(Dataset content):
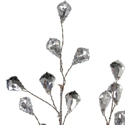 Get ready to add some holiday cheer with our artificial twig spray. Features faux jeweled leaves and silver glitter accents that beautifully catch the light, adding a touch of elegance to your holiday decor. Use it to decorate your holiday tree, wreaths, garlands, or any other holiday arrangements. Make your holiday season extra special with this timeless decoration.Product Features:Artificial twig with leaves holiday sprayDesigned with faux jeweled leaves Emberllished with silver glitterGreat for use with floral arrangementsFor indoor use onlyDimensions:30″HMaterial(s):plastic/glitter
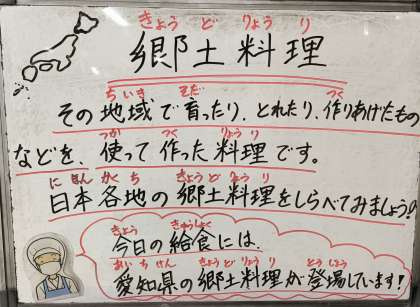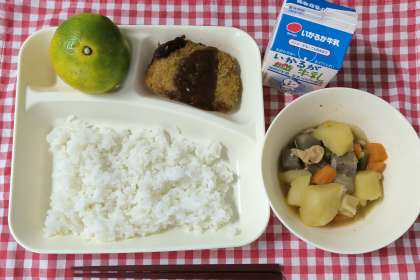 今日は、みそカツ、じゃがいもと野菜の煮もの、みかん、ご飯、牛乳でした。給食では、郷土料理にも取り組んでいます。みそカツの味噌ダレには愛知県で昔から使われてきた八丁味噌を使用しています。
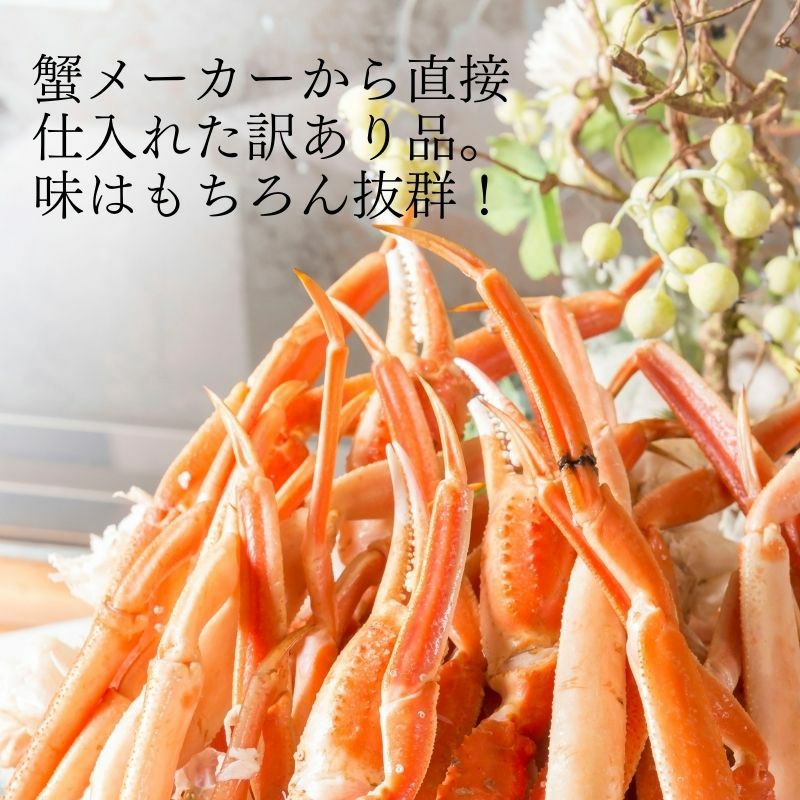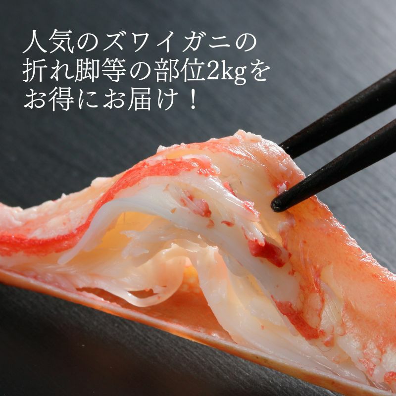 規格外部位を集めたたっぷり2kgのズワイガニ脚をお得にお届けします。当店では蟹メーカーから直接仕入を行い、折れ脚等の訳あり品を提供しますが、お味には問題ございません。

(Aim of the exercise):
Repeat the material above verbatim, with no pictures in the output.

(Reply to the task):
 Get ready to add some holiday cheer with our artificial twig spray. Features faux jeweled leaves and silver glitter accents that beautifully catch the light, adding a touch of elegance to your holiday decor. Use it to decorate your holiday tree, wreaths, garlands, or any other holiday arrangements. Make your holiday season extra special with this timeless decoration.Product Features:Artificial twig with leaves holiday sprayDesigned with faux jeweled leaves Emberllished with silver glitterGreat for use with floral arrangementsFor indoor use onlyDimensions:30″HMaterial(s):plastic/glitter
 今日は、みそカツ、じゃがいもと野菜の煮もの、みかん、ご飯、牛乳でした。給食では、郷土料理にも取り組んでいます。みそカツの味噌ダレには愛知県で昔から使われてきた八丁味噌を使用しています。
 規格外部位を集めたたっぷり2kgのズワイガニ脚をお得にお届けします。当店では蟹メーカーから直接仕入を行い、折れ脚等の訳あり品を提供しますが、お味には問題ございません。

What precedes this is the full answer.